For the levels I would make PVC pipe frames, put wire over it (so it's a solid level) and zip tie it up. Then cover it with fleece. you could also hang up wood, but if you want to do that you would need to use cage wire since hardware cloth is pretty flimsy.

For the bottom use either a large plastic tub (though you will have to make the cage to the size of the tub length and width wise) or get coroplast to make a coroplast pan, which depending on your area can be a bit expensive as well.

I know that some people on here probably have made PVC pipe cages for other animals on here, so hopefully they'll join in. Oh and welcome. if you do make it make sure to post on how it turns out.


----------



## HelloClarice (Feb 1, 2012)

wow that's really interesting.


----------



## Hikari (Feb 5, 2013)

I have a modified version of that cage for my sugar gliders. I wanted to make one like it for my rats but I was not sure how it would work since rats are/can be chewers and the hardware cloth is flimsy. Has anyone been successful with the hardware cloth (plastic mesh) and rats?

As for making shelves just cut the PVC where you want shelves and add T connectors to build in the shelf. Im really bad at explaining it I just kinda trial and error with my cage. 

If you do make this cage make sure to attach the hardware cloth on tight or else you will get stuck with sagging. I am planning on cutting off all the hardware cloth off my cage and redoing it for this reason. =/


----------



## PeachPeach (Jun 22, 2012)

We're still working on ours. It's a LOT of work to make a good one and not a big cost savings (we have to go buy some more elbows and another stick of PVC tonight, actually), as well as being quite difficult to get the elbows properly twisted before the glue sets. That said, you can have a lot of flexibility on the design. But for DIY cages there are some cheaper or easier to work with alternatives, or you can buy a Martin's cage for excellent space for the money.
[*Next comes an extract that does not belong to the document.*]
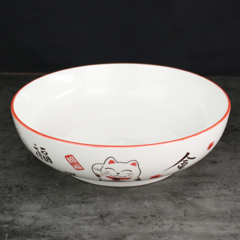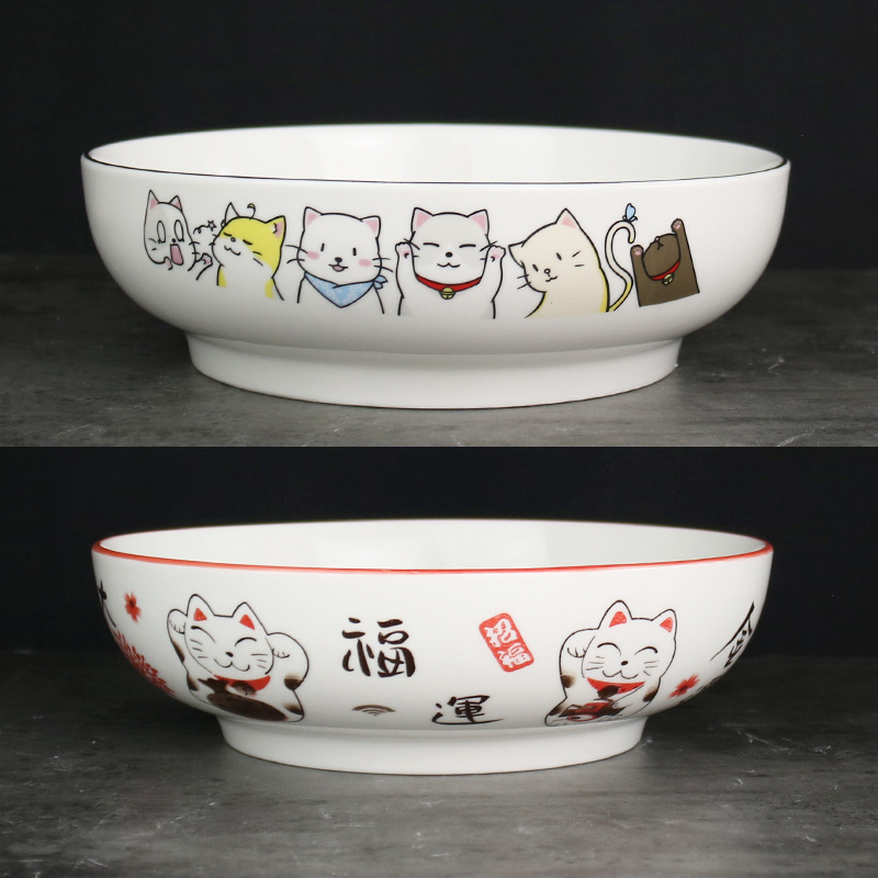 9inch 가정용 세라믹 대형 그릇 수프 그릇 만화 행운의 고양이 삶은 생선 그릇 국수 그릇 마오혈왕 그릇 인터넷 연예인 수프 그릇

I'm making a PVC cage, so obviously I think they have their upsides, but there are significant drawbacks as well!

We're attaching our hardware cloth with bolts and washers. Drilling into PVC is pretty easy and very secure.


----------



## Hikari (Feb 5, 2013)

Do you not worry about your rats chewing through the hardware cloth? That is the only thing stopping me from making one for my babies. 

I didn't use threaded PVC connectors or glue on mine it is super easy to put together, the hard part for me was the THOUSANDS of zip ties, my fingers were raw after I finished and thought about using pliers.


----------



## PeachPeach (Jun 22, 2012)

Hardware cloth here is galvanized or stainless steel, not plastic mesh. So no, I'm not worried


----------



## Hikari (Feb 5, 2013)

ahh..that makes more sense!  

When you get done I would love to see some pictures of it!


----------



## kueen (Feb 12, 2013)

Almost done with the cage I cant wait to post pictures. I can see the disadvantages already with PVC piping cage but I feel that it is well worth it! Thanks for the advice!


----------